FIRST AMENDMENT, dated as of February 14, 2020 (this Amendment), to the Credit Agreement, dated as of October 1, 2018 (as amended, restated, supplemented or otherwise modified prior to the date hereof, the Existing Credit Agreement; and as amended by this Amendment, the Credit Agreement), among TENNECO INC., a Delaware corporation (the Company), TENNECO AUTOMOTIVE OPERATING COMPANY INC., a Delaware corporation and a Subsidiary of the Company (TAOC), any other Subsidiary Borrowers (as defined therein) from time to time parties thereto, the several banks and other financial institutions or entities from time to time parties thereto (the Lenders), JPMORGAN CHASE BANK, N.A., as administrative agent for the Lenders (in such capacity, the Administrative Agent).
W I T N E S S E T H:
WHEREAS, the Borrowers, the Lenders, the Administrative Agent and certain other financial institutions are parties to the Existing Credit Agreement;
WHEREAS, the Borrowers, the Required Lenders and, with respect to the amendment set forth in Section 2(c) of this Amendment, the Required Pro Rata Lenders party hereto wish pursuant to Section 10.01 of the Existing Credit Agreement to make certain amendments to the Existing Credit Agreement, in each case as described in this Amendment;
WHEREAS, pursuant to Section 10.1 of the Existing Credit Agreement, the parties hereto hereby agree to amend the Existing Credit Agreement as set forth herein, subject to the terms and conditions set forth herein;
NOW, THEREFORE, in consideration of the premises and mutual covenants contained herein, the parties hereto agree as follows:
1. Defined Terms. Unless otherwise defined herein or the context otherwise requires, capitalized terms which are defined in the Credit Agreement are used herein as therein defined.
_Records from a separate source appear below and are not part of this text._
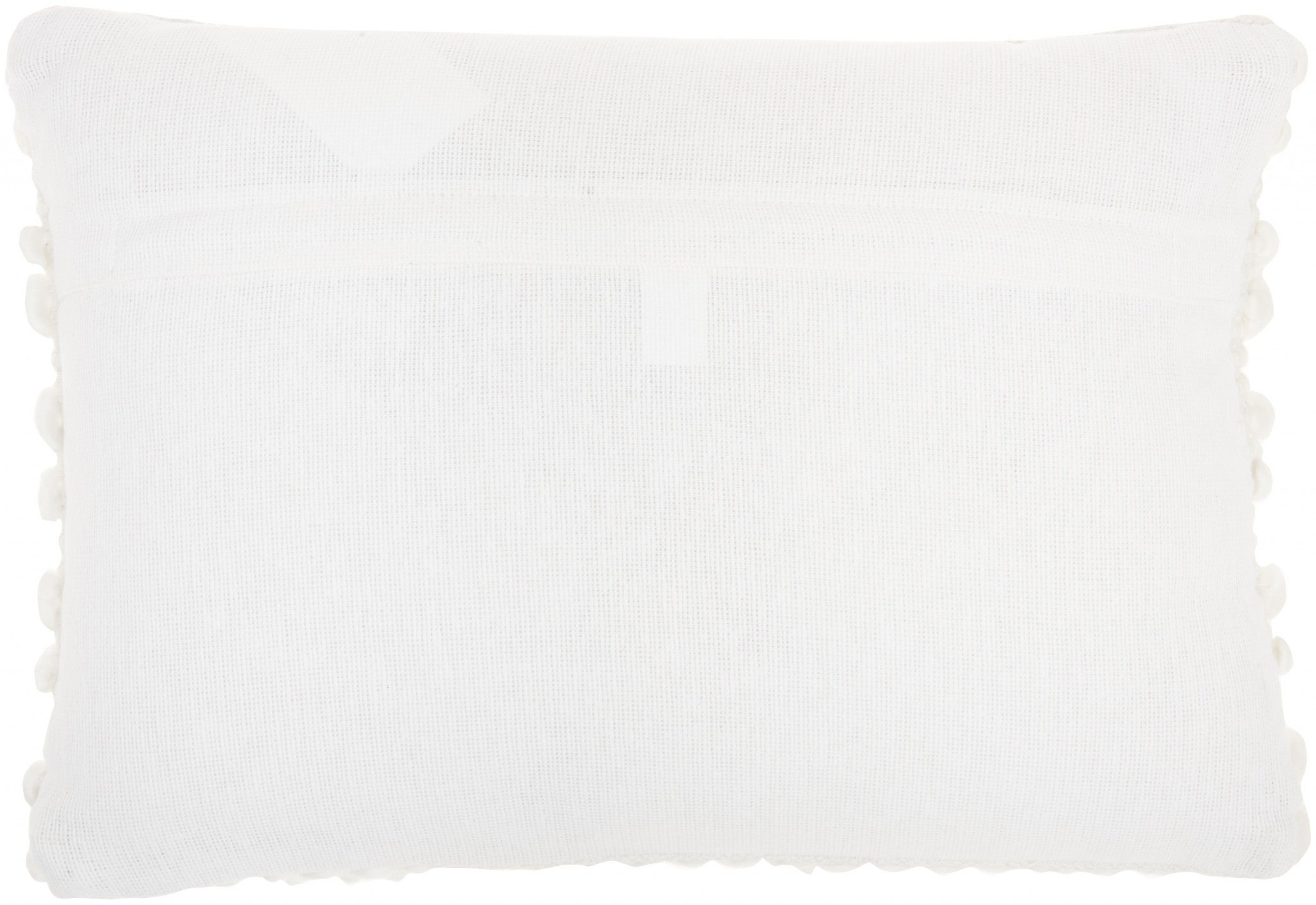 Add a touch of unique design and comfort to any seating space in your home with this White Pom-Pom Detailed Lumbar Pillow. This pillow has a rectangular shape with a hidden zip closure at the back for a seamless look. The cover is covered in a white colored fabric which has a striped design on top of it. There are two designs in the stripes with one stripe with an embroidered pattern and one stripe with a textured small pop-pom pattern. These stripes alternate and give a very textured feel to the pillow. You can use this pillow anywhere in your home and it will work with any existing colors or decor style you already have, You can use this pillow to elevate the look of your bed, your couch, or your favorite chair. This lumbar pillow also provides excellent back support. 5" H x 14" W x 20" D
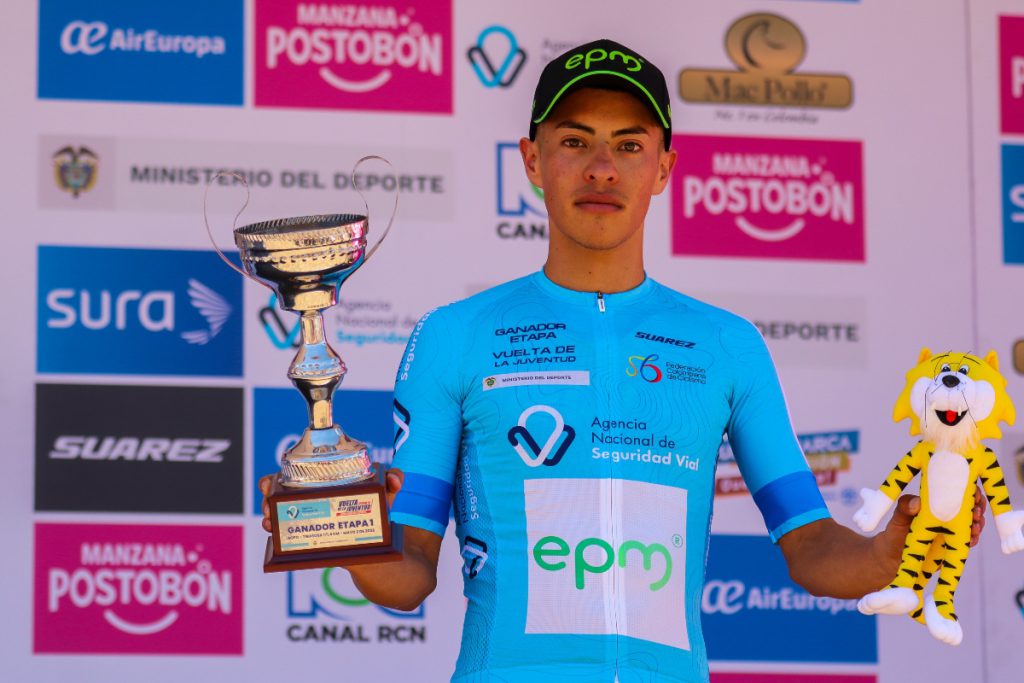 Jhonatan Chaves, ganador de la primera etapa en línea de la Vuelta de la Juventud 2023. (Foto Anderson Bonilla © RMC)
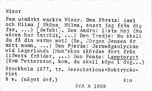 //// Wisor //// Fem utmärkt wackra Wisor. Den Första: Axel och Hilma J Sköna_ Hilma, snart jag från dig far, ...) i^defektj. Den Andra: l:sta Maj (Nu wåren har mträdt, ...) Den Tredje: Nu skall du få din warma mat.' (Se, Jörgen Jensen är mitt namn, ...) Den Fjerde: Jernwägsolyckan wid Lagerlunda (Men'skan skördas fort från lifwets fröjder, ...) Den Femte: Lapptorgejt (Kom Pettersson, kom, du skall köpa i dag...) //// Stockholm 1877, tr. Associations=Boktrycke»,. riet //// 8 s. (något def.) 8:0 //// SVA A 1009 ////

2. Amendments. Effective as of the First Amendment Effective Date (as defined below):
(a) Clause (a) of Section 2.27 of the Existing Credit Agreement is hereby amended by:
(i) deleting $1,000,000,000 where it appears therein and inserting in lieu thereof $800,000,000; and
(ii) deleting assuming full utilization of the Revolving Facility where it appears therein and inserting in lieu thereof assuming full utilization of such Incremental Facility consisting of an increase in the Revolving Facility.